2. Will the Commission make a statement on the next steps for the Youth Parliament? OAQ53489
I was privileged to chair the inspiring first meeting of the Welsh Youth Parliament here in the Siambr a little over a week ago. Perhaps Members will be aware that the Youth Parliament formally agreed three priority issues to pursue: emotional and mental health support was one of those; littering and plastic waste is another; and also life skills in the curriculum. Commission staff and the 60 Welsh Youth Parliament Members will meet next in the regions in April to devise a plan to engage with young people across Wales on the priority issues chosen by them.
Thank you, Llywydd. I was very sorry to miss the first meeting. I was intending to be here but a family emergency took me away. I, like I'm sure many other Members, have been looking at some of the speeches online and I'm incredibly impressed by the quality and the depth and also the honesty of the young people's contributions. I'm very pleased to see that the work streams that they've chosen are being taken forward so quickly. What consideration is being given to putting the Youth Parliament together with the Assembly's committees and forming some kind of more formal link? I know that many Members are meeting our individual Youth Parliament representatives, but it seems to me there is an opportunity there potentially for the young people to help us set some of our agendas in our committee work and in our scrutiny of the Welsh Government.
I am aware that there were discussions during the weekend residential that encompassed the formal meeting of the Welsh Youth Parliament on how the young people wanted to have an impact on the policy priorities that they had voted on. It is for them to decide how they want to make that impact, but certainly there is a very easy way of ensuring that in some of the committee work that's being done in this place, which may well mirror some of the priorities that the young people chose—that we facilitate, as part of our ongoing work with the 60 young parliamentarians, the way that they can make those important links to feed into actual policy making via committees and ultimately Welsh Government and National Assembly.
I think it's difficult for anyone not to be inspired, really, by what we saw that weekend. It was a phenomenal and historic success and I was particularly pleased that two of the areas that have been identified as priorities—the life skills in the curriculum and the emotional and mental health of children and young people—are issues that the Children, Young People and Education Committee are already taking a very keen interest in and are prioritising ourselves. Of course, it's for the young people to decide how they take their work programme forward, and I'm mindful also of your answer to Helen Mary Jones, but in areas where the committees are already working on particular topics, what particular consideration has been given to ensuring that the committees and the Youth Parliament Members can work together if that is what they would like to do?

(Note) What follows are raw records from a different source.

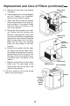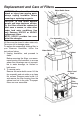 Replacement and Care of Filters (continued) 3. a. Remove the two filters and dispose of properly. Water Level Float b. Clean internal parts of the humidifier per the “Cleaning Your Humidifier” section of your owner’s manual. Float Retainer c. Install new filters inside the cabinet with the glue beads on the filter facing the center of the cabinet. Make sure the filters are resting on the floor of the cabinet. Filters d. Return the filter housing to the cabinet.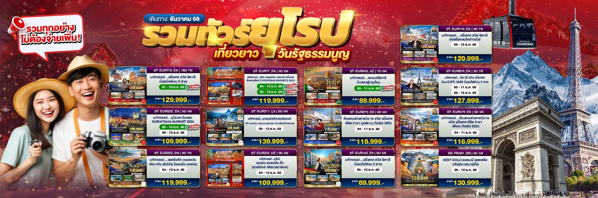 ****เดินทาง : 09-16 เมษายน 2569****โรม - นครรัฐวาติกัน- โคลอสเซียม - น้ำพุเทรวี่ - มอนเตคาตินี่ - ปิซ่า - เมสเตร่ - เกาะเวนิส - อินเตอร์ลาเค่น -ดิจอง - ปารีส-หมู่บ้านเลาเทอร์บรุนเน่น - นั่งรถไฟพิชิตยอดเขาจุงเฟรา - เข้าชมพระราชวังแวร์ซายย์ - ล่องเรือชมแม่น้ำแซนน์ ฯลฯ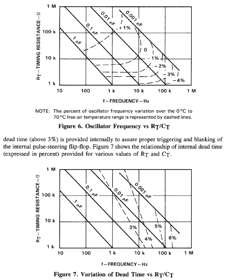 Увеличить длительность мертвого времени на выходе, можно подавая на вход регулировки мертвого времени (вывод 4) постоянное напряжение в диапазоне 0..3,3В.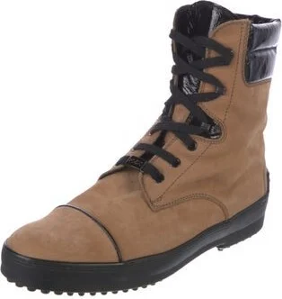 Tod's Suede Mid-Calf Lace-Up Boots Brown Colorblock Pattern Round-Toes Lace-Up Closure at Uppers Read more
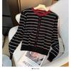 Suéter de Gola Redonda com Listras Contrastantes Estilo Coreano para Mulheres no Outono e Inverno Solto, Despojado e Sofisticado Top Versátil Jaqueta Cardigã Tricotada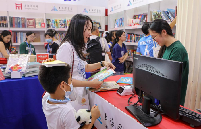 8月16日,讀者在上海圖書(shū)館展位現(xiàn)場(chǎng)借閱書(shū)籍。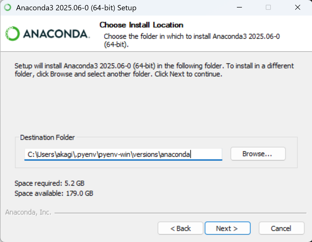 インストール先の設定画面が出たら, pyenvのversionsフォルダに保存します.
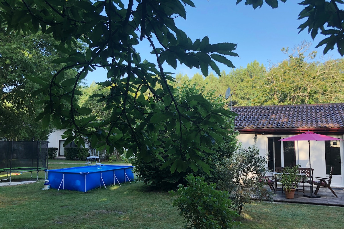 Cozy 4-bedroom cottage within the Maison Mosaic property, featuring 2 double beds and 4 single beds — perfect for families or groups. Guests enjoy access to the pool, private parking, and large garden. The cottage includes a private terrace, BBQ area, indoor and outdoor dining spaces, and a fully equipped kitchen. - Ocean is 15 min away - Chateaux for wine tasting are all around the area. - each cottage has private indoor and outdoor dining area - Resto/Supermarkets 5 min by car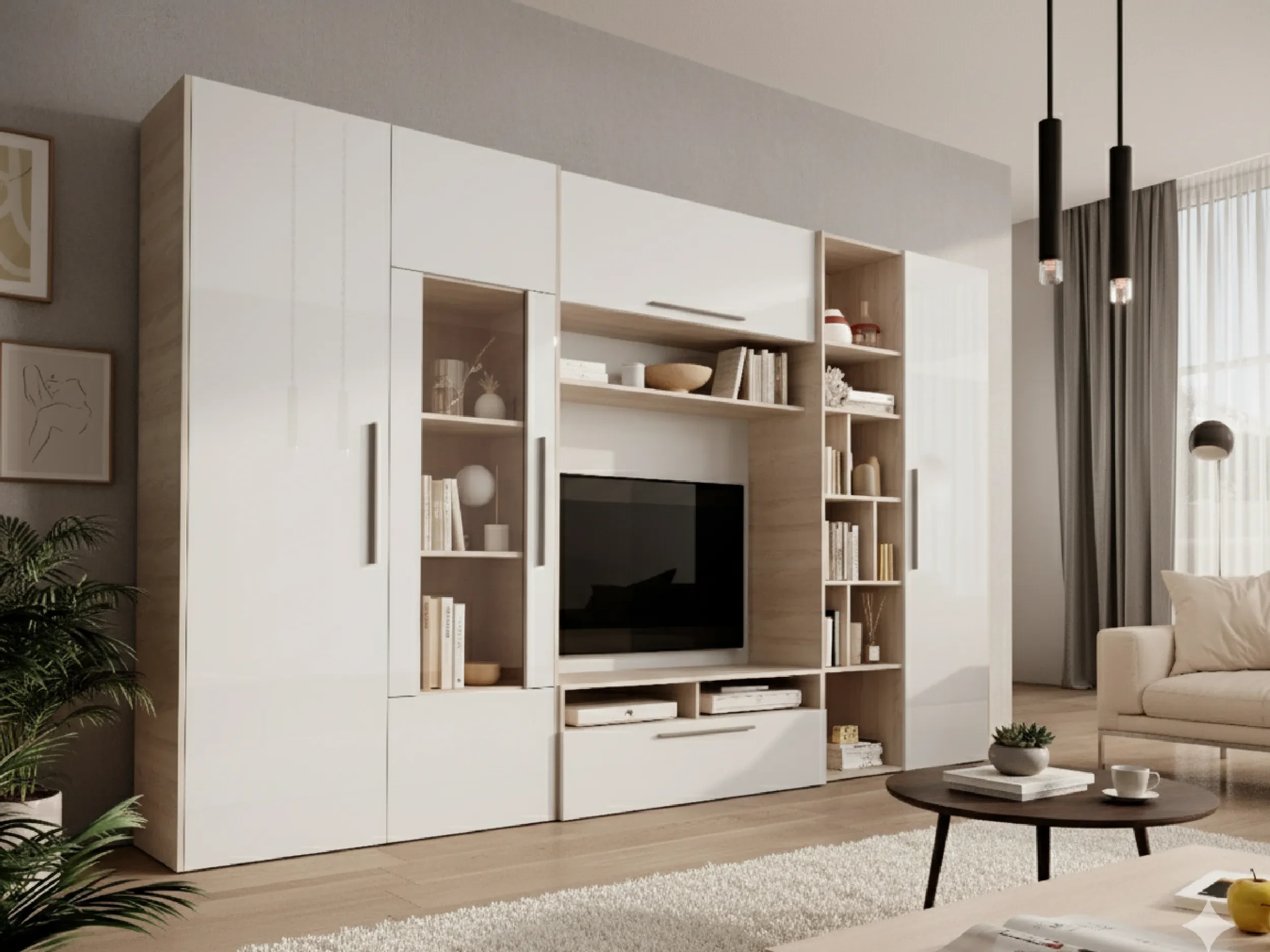 - Kompletny zestaw do salonu – w skład meblościanki wchodzą dwie szafki, witryna, regał, szafka RTV oraz półka wisząca.

When I was here chairing the discussion on mental health and young people, in the inspiring contributions from so many of the young parliamentarians on that issue, I was reminded of course of the work that your committee, Lynne, had done on mental health issues. There's a very clear early relationship there so they can feed into the continuation of your work as a committee. So, I think that my officials are already looking to create the relationship between the young parliamentarians, especially those who want to work on this particular issue, and your committee, and that's a very natural relationship. I am absolutely convinced that your committee will benefit from the very real-life experiences that these young champions want to progress.